The intracellular trafficking of antibodies delivered by R8-Lip(IgG) was observed by CLSM. When HeLa cells were incubated in the presence of R8-Lip(IgG), the antibodies were effectively internalized and strong fluorescent dots were detected in the cells (left panel, Fig. 3). In contrast, only a few weak fluorescent dots were observed when the cells were incubated in the presence of Lip(IgG), and no detectable IgG was internalized without a carrier (free IgG) (Fig. S1). The cellular uptake of positive nanoparticles is often associated with endocytosis.23-25 Therefore, the possible entrapment of antibodies in endosomes was investigated. Acidic organelles were stained and examined for colocalization with the antibodies (right panel, Fig. 3). Although some free IgG was found in the cytosol, the majority of the antibodies were colocalized with endosomes.

Details are in the caption following the image
Intracellular observation of R8-Lip(IgG) using CLSM. R8-Lip(IgG) loading IgGAlexa488 as a tracer were incubated with HeLa cells. Previous to observation, the acidic compartments were stained with Lysotracker Red-DND99. IgGAlexa488 (green color) is seen to be colocalized with acidic compartments (red color), observed as a yellow signal in the merged images. Scale bar, 10 μm.

Cytosolic Delivery of Antibody by R8 and GALA-Modified Liposomes

To overcome endosomal entrapment, liposomes were modified with an endosomal release device, GALA, a pH-sensitive fusogenic peptide.26-28 Previous study showed that the inclusion of GALA on the surface of liposomes promoted the destabilization of both the endosomal and liposomal membranes, resulting in the cytosolic delivery of the encapsulated molecules.31 The presence of GALA resulted in a decrease in the diameter (124 ± 3 nm) of R8-GALA-Lip(IgG) compared with R8-Lip(IgG) (185 ± 10 nm), whereas the ζ-potential remained unchanged (48 ± 6 mV). Importantly, a flow cytometry analysis showed that the cellular uptake of antibodies mediated by R8-GALA-Lip(IgG) did not vary significantly compared with R8-Lip(IgG) (Fig. S2).

We then evaluated the ability of the R8-GALA-Lip(IgG) to escape from endosomes and release antibodies into the cytosol. Cells incubated in the presence of R8-GALA-Lip(IgG) displayed a strong fluorescence that was widely distributed in the cytosol, as evidenced by CLSM images (Fig. 4a). Although some antibodies were still colocalized with endosomes, the high amount of antibodies was detected in the cytosol.
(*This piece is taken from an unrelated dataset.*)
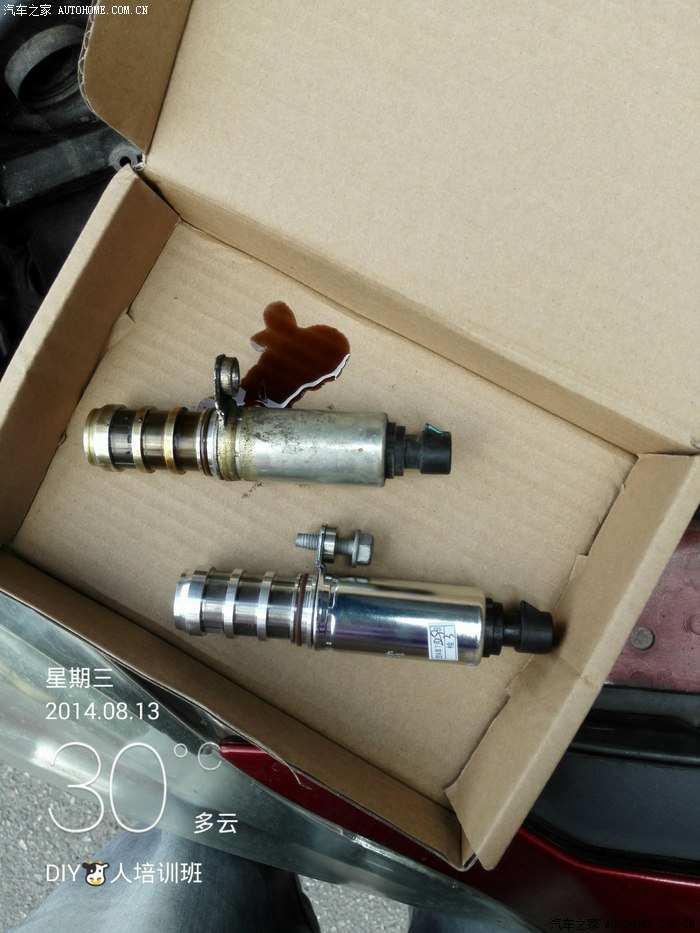 要知道车子出啥问题就首先要知道故障码,于是就先在万能的X宝花了38块包邮买了个蓝牙故障码检测仪,还不错,价格便宜,支持车型多,还能消除故障码等功能,查到故障码P0014后,对应查询了一下应该是凸轮轴排气电磁阀出问题了,进气电磁阀和排气电磁阀这2个部件也是君威经常会出现问题的部位,于是花了150块钱买了一个,记住排气和进气是不一样的,排气电磁阀的头是黑色的,进气电磁阀的头是灰色的,千万不能弄错了。

It is noteworthy that the increased level of antibody in the cytosol can be attributed to the presence of both R8 and GALA, as liposomes containing only GALA [GALA-Lip(IgG)] did not mediate the delivery of antibodies (right panel, Fig. S1). These results suggest that R8 first interacted with the cellular membrane promoting carrier uptake, and the pH-dependent fusogenic peptide GALA then induced the release of antibodies from endosomes.
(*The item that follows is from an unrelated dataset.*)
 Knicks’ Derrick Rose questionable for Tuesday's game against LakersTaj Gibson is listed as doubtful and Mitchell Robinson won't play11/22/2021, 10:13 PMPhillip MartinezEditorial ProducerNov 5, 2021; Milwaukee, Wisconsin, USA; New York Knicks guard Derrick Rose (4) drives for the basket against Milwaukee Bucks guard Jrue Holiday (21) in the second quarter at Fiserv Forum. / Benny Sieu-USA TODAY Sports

Details are in the caption following the image
Intracellular observation of antibody delivery by R8-GALA-Lip(IgG). (a) HeLa cells were incubated in the presence of R8-GALA-Lip(IgGAlexa488) (green color) and the distribution of the internalized antibodies was observed by CLSM. Acidic compartments were stained with Lysotracker Red-DND99 (red color). (b) Distribution of the lipid phase of liposomes [rhodamine-DOPE (Rho-DOPE)] (red color) and IgG (IgGAlexa488) (green color) after carriers internalization. Scale bars, 10 μm.
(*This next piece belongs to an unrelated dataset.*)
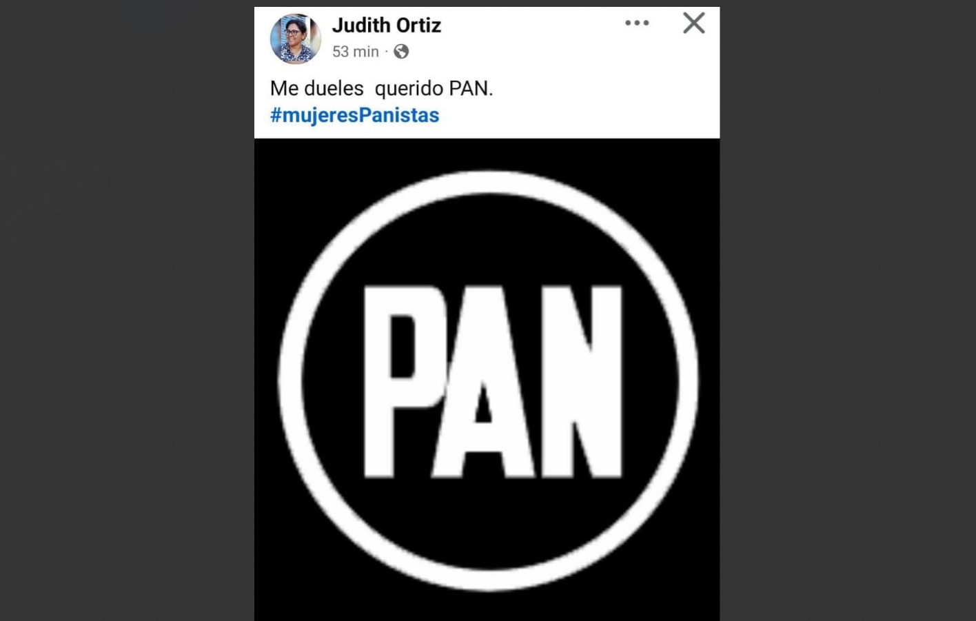 Con un mensaje de «Me dueles PAN» en redes sociales, la exdirigente de este organismo político en San Juan del Río, Judith Ortiz Monroy, expresó su sentir debido a la situación interna que atraviesa el partido, y a que los procesos no se estén conduciendo con apertura hacia la militancia del mismo.

As discussed above, the antibodies tended to become adsorbed to the surface of liposomes. The above strategy permitted the effective dissociation of antibodies from liposomes after endosomal escape. The lipid phase of R8-GALA-Lip(IgG) was labeled with rhodamine-DOPE and analyzed for colocalization with antibodies (Fig. 4b). CLSM images showed some colocalization of antibodies with the lipid, as evidenced by punctuate dots, probably corresponding to carriers still entrapped inside endosomes. Intracellular observations of the lipid phase also showed some degree of colocalization of rhodamine-DOPE and endosomes (Fig. S3). However, antibodies that had diffused into the cytosol appeared to be liposome free. This suggests that antibodies are released from the liposome surface during the fusion process of liposomes and endosomes triggered by GALA. Importantly, cytotoxicity analyses showed that R8-GALA-Lip(IgG) had a negligible effect on cell viability (Fig. S4).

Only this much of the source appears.